Sunday, February 14, 2010

Life lessons

Chantica has finally joined our herd. She was the last of our agisted (boarded) alpacas, remaining down south until she'd weaned her cria and been rebred for a spring birth. She's the daughter of our Sheba, and half-sister to Jedlicka (f) and 4-month-old Sarek (m). Sheba greeted her daughter quickly, then returned to grazing. It's been two years since they'd seen each other.

Hopi takes her new guardian duties seriously -- when she met Chantica, she chased her. I stepped between them, held my hand wide in front of Hopi's face, and told her "Stop! -- she's OK, she's one of us now, too."

The other dams and cria came to check out the new girl as Chantica surveyed the landscape. For the first few days, I kept her in small groups so she could become accustomed to her new home and learn the daily routines. At feeding time, Hopi tried to segregate her once more, but again I firmly told her No, and she backed away.

Chantica is in with the weanlings, maiden females, and a couple of dams with cria, including Sheba and her crew -- here the 'little family' is seen sharing the hay bin. I selected a range of ages and sizes to be in this mini-herd so the separated babies won't feel so alone.

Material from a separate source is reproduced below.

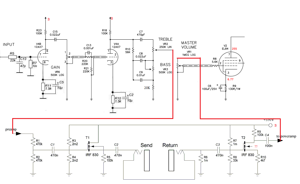 Výstup z prvního IRF830 má danou sílu výstupu, kterou nejsi schopný regulovat. Pokud bude signál moc silný, přebudí druhý IRF830 nebo některou z krabiček. Tonestack a dělič ze dvou 470k odporů signál srazí, může to být taky moc potichu a nijak to neovlivníš. Nahradil bych ten odporový dělič 1M potem.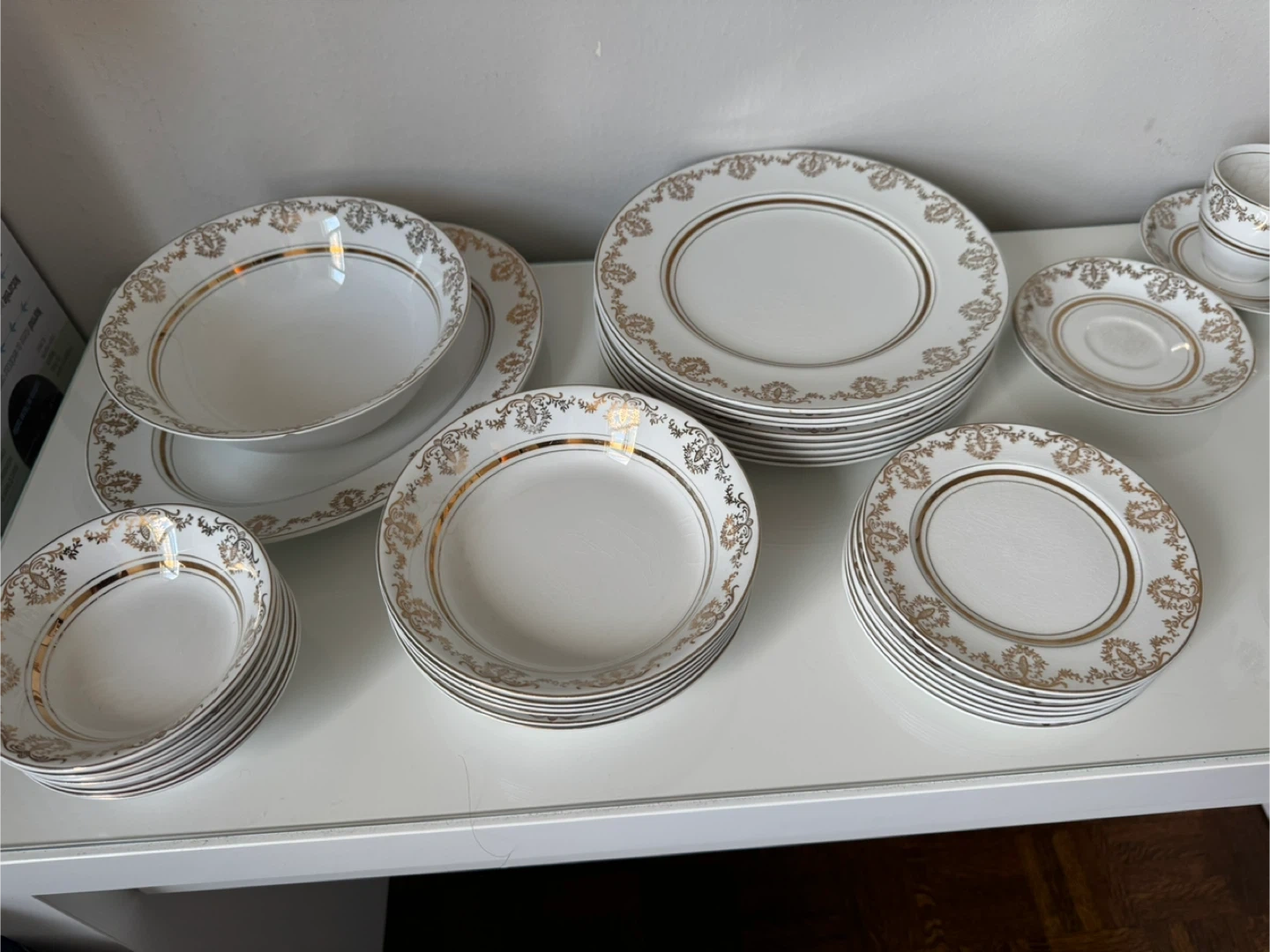 This elegant dinnerware set is a vintage Alfred Meakin "Empire Gold" china set featuring 22k gold trim and accents.

It's been a full week now, and all is well. Chantica and Black Sable are both due mid-May, the first births of 2010 here at Aragon Alpacas.

On Friday I spent awhile mucking out a couple of barn areas where the weanlings and companions are penned at night. It rained most of the morning, and the dams chose to remain out in the hay field, obliviously grazing. Their fleece is so long and thick that only the top gets wet, they're still dry at the skin.

Getting ready for a trip to the feed store, I looked out the window and noticed Blackberry had come back up toward the barn and was all by herself, cushed or laying on the ground. At 18, she is our eldest, and her fleece is shorter because of her age. I recognize that she gets tired now more easily, too, and lately she sometimes cushes to eat. With a halter and some pellet treats, I went out to check on her.

Blackberry stood to eat from my hand and I haltered her easily, led her back to the barn where I toweled her off, put on a jacket, took her temperature (it was low), and gave her more food. Before leaving for the feed store, I put another alpaca in with her, as companion -- they stress when left alone.

Mulling all of this over as I drove down Dillard Rd, I glanced over at a pasture of sheep and goats. Down away from their house I saw a white animal laying on the ground, head in an awkward position, and thought, "Oh no, another animal in trouble. I hope they do not come out to discover a dead one."

That concern hovered in my thoughts as I did my errands. Driving back, I looked in the pasture again to see if anyone had noticed the downed animal. To my great surprise and delight, there was a white goat standing with two little bright, shiny white kids nursing! It wasn't a death, as I'd feared, but Life!

Blackberry was fine. I took off her jacket so the afternoon sun could continue to warm and dry her, then unloaded bags of supplies, and went to check on the weanlings. The clever girls discovered that I hand not quite closed a partition in the barn, and next I saw Blackberry and Jedlicka in the gated driveway, headed toward the pasture.

This time when I tried to get Blackberry back to the barn, she steadfastly refused to go. It's always preferable to their well-being that they're not stressed, so I took the cues from her. Since she really wanted to be back out there with her herd, I let them out and both girls ran down to rejoin them.

Blackberry's boy Toledo is one of the weanlings, and now all of her resources can be solely for her. For the first week I day-wean, allowing the pairs back together at night. This way they are not quite so frantic, and the moms' milk can begin slacken off. Then it's 24/7.

Since we have so many cria of similar color and size, I put bandannas on the weanlings for simpler sorting. The three girls who generally stayed near their moms have had less trouble adjusting than the two free-lance boys who are now whining and crying until distracted by food.

And Hopi the llama just observes all of this, not quite understanding what all of the activity is about or why her herd is in different sections now.

We are preparing to plant our spring garden. First of all, deer fencing is going up. Mike has designed a gate with an arbor above it, yet to be built. We're researching roto-tillers, trying to decide if we really need one, and if so, which brand and style? Laying out a bit more cardboard (from a neighbor's new stove), lasagna-gardening style; and marking pages in the Territorial Seed Catalog. This will be quite grand in size, since I've only gardened in a small backyard plot until now.

Lastly, we have finally installed the walls on the back of Galileo's shed, and painted on the primer coat before the weekend rains. He seems quite pleased with it! A sliding door is next, so we can store hay and supplies for him there instead of bringing feed up from the boys' barn each evening.

Slowly, our plans continue to take shape!

Much like a website, a farm is never 'done.'

3 comments:

Terra said...

A gem of a story and experience.

Ed said...

Hey those walls look very sharp. The caring of you both there appears not only in the healthy farm but in the great narratives & pictures that show it all off. Kudos continue.